"""

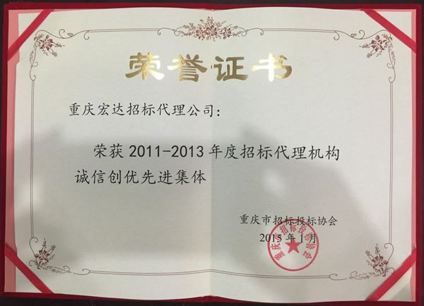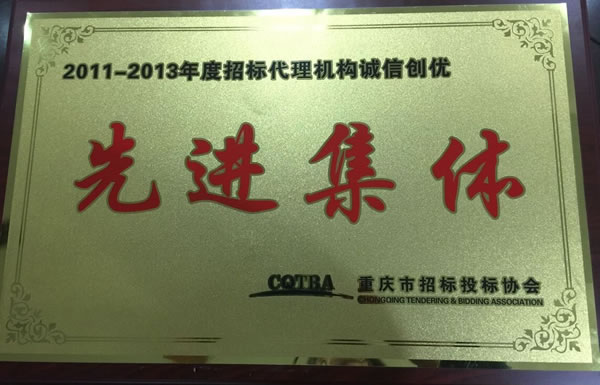 我公司榮獲重慶市招標投標協(xié)會2011-2013年度誠信創(chuàng)優(yōu)先進集體及2014年度先進招標代理機構(gòu)先進集體稱號
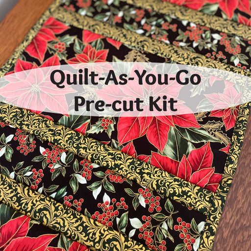This is a Quilt-As-You-Go Table Runner Kit using the Glisten collection by Sandy Gervais for Riley Blake Designs. Simple pattern that can be comple...
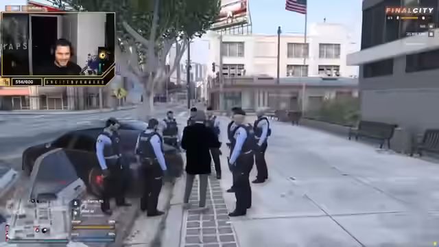 02:14:56Es wird ein Einsatz am Anwesen des Rivera-Kartells angekündigt. Dort soll der neue kriminelle Status vorgeführt und die Festsetzung des Oberhaupts Sergio Mendes vollzogen werden. Beim Eintreffen eskaliert die Situation. Der Rivera-Patron verlangt Zeit, um den Beschluss zu lesen und seinen Anwalt zu konsultieren. Der Streamer insistiert jedoch auf der sofortigen Durchsuchung. Er übergibt die Führung des Einsatzes einem Kadetten und fordert die Rivera-Mitglieder auf, die Hände zu heben, während eine Waffe auf sie gerichtet ist.
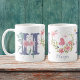 Taza De Café Elegante acuarela Floral Mariposa Monograma H
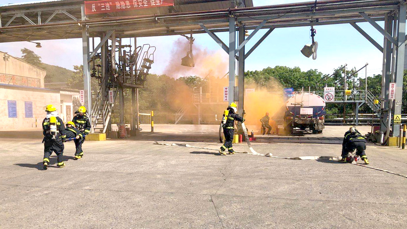 專項演練由保衛(wèi)處牽頭聯(lián)合有機分廠、生產(chǎn)安環(huán)部等單位開展。演練模擬有機分廠液化工段卸料站裝卸區(qū)槽罐車因駕駛不當,撞擊到另輛正在進行卸料作業(yè)的槽罐車上,造成現(xiàn)場車輛車尾管道破裂,大量的物料從破裂口處流淌在地面上,流淌的液體遇火花,造成流淌火并引燃槽罐車,火勢迅速向四周擴散,當班人員無法撲滅,情況緊急。
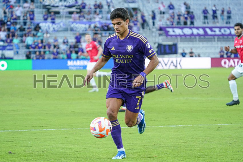 Orlando, Florida, USA, Calvary FC, Orlando City player Ramiro Enriquez #7 makes a run at Inter&Co Stadium in the CONCACAF Champions Cup Match. (Photo Credit: Marty Jean-Louis)
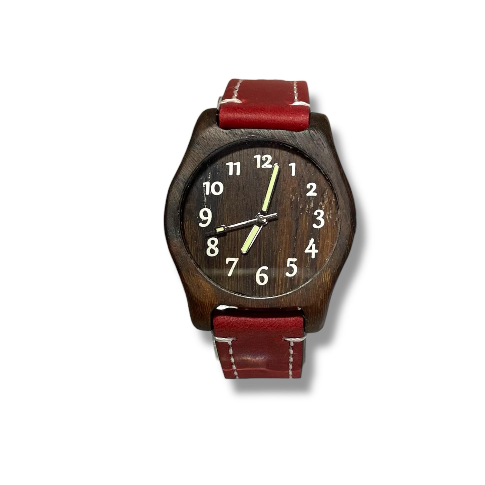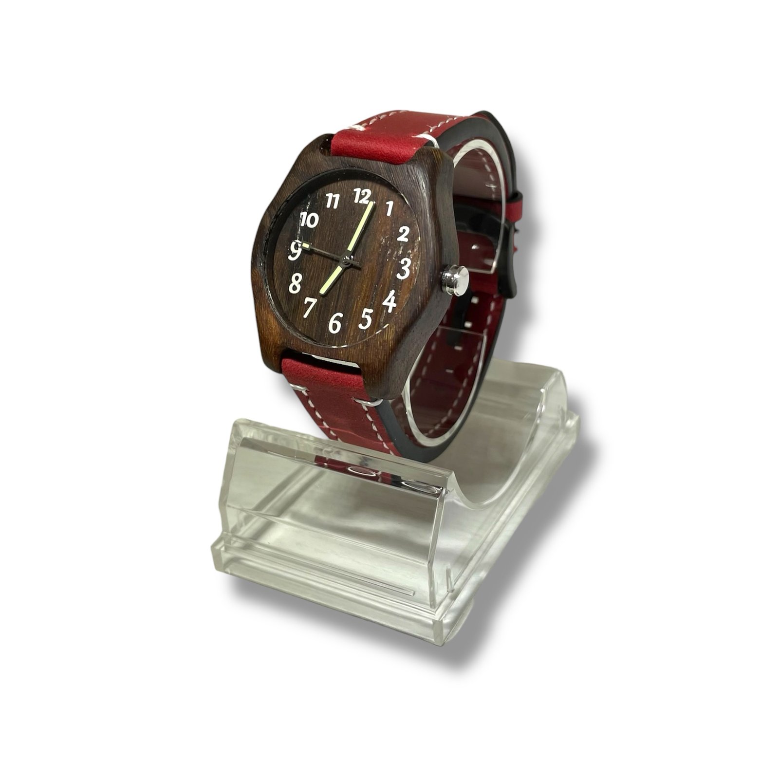 Ura iz lesa trte, z številkami bele barve ter rdečim paščkom.
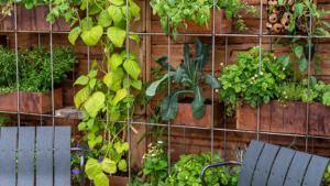 Harry works for Acorn Landscape Services, who built the show garden, and is also an award winning vegetable grower, so he was invited to plant up a ‘green’ wall packed with vegetables, fruit and herbs as a backdrop for the garden’s seating area.
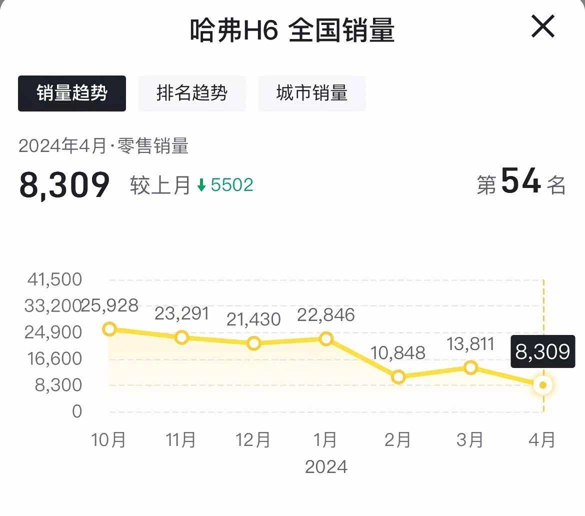 哈弗H6也是车圈国产老将了,车型服役至今有13年了,累计销量早已超400万辆。曾最高月销超8万台,也曾是国内SUV榜首。所以很多车迷都非常期待换代车型的到来,也正因为新一代 哈弗H6(图片 | 参数 | 询价)上市在即,现款车型销量有所松动,最新4月份卖出8309辆,没有过万。

"""

• [Required work]: Exclude the images and copy every record above exactly.

• [Answer for the task]:
 我公司榮獲重慶市招標投標協(xié)會2011-2013年度誠信創(chuàng)優(yōu)先進集體及2014年度先進招標代理機構(gòu)先進集體稱號
This is a Quilt-As-You-Go Table Runner Kit using the Glisten collection by Sandy Gervais for Riley Blake Designs. Simple pattern that can be comple...
 02:14:56Es wird ein Einsatz am Anwesen des Rivera-Kartells angekündigt. Dort soll der neue kriminelle Status vorgeführt und die Festsetzung des Oberhaupts Sergio Mendes vollzogen werden. Beim Eintreffen eskaliert die Situation. Der Rivera-Patron verlangt Zeit, um den Beschluss zu lesen und seinen Anwalt zu konsultieren. Der Streamer insistiert jedoch auf der sofortigen Durchsuchung. Er übergibt die Führung des Einsatzes einem Kadetten und fordert die Rivera-Mitglieder auf, die Hände zu heben, während eine Waffe auf sie gerichtet ist.
 Taza De Café Elegante acuarela Floral Mariposa Monograma H
 專項演練由保衛(wèi)處牽頭聯(lián)合有機分廠、生產(chǎn)安環(huán)部等單位開展。演練模擬有機分廠液化工段卸料站裝卸區(qū)槽罐車因駕駛不當,撞擊到另輛正在進行卸料作業(yè)的槽罐車上,造成現(xiàn)場車輛車尾管道破裂,大量的物料從破裂口處流淌在地面上,流淌的液體遇火花,造成流淌火并引燃槽罐車,火勢迅速向四周擴散,當班人員無法撲滅,情況緊急。
 Orlando, Florida, USA, Calvary FC, Orlando City player Ramiro Enriquez #7 makes a run at Inter&Co Stadium in the CONCACAF Champions Cup Match. (Photo Credit: Marty Jean-Louis)
 Ura iz lesa trte, z številkami bele barve ter rdečim paščkom.
 Harry works for Acorn Landscape Services, who built the show garden, and is also an award winning vegetable grower, so he was invited to plant up a ‘green’ wall packed with vegetables, fruit and herbs as a backdrop for the garden’s seating area.
 哈弗H6也是车圈国产老将了,车型服役至今有13年了,累计销量早已超400万辆。曾最高月销超8万台,也曾是国内SUV榜首。所以很多车迷都非常期待换代车型的到来,也正因为新一代 哈弗H6(图片 | 参数 | 询价)上市在即,现款车型销量有所松动,最新4月份卖出8309辆,没有过万。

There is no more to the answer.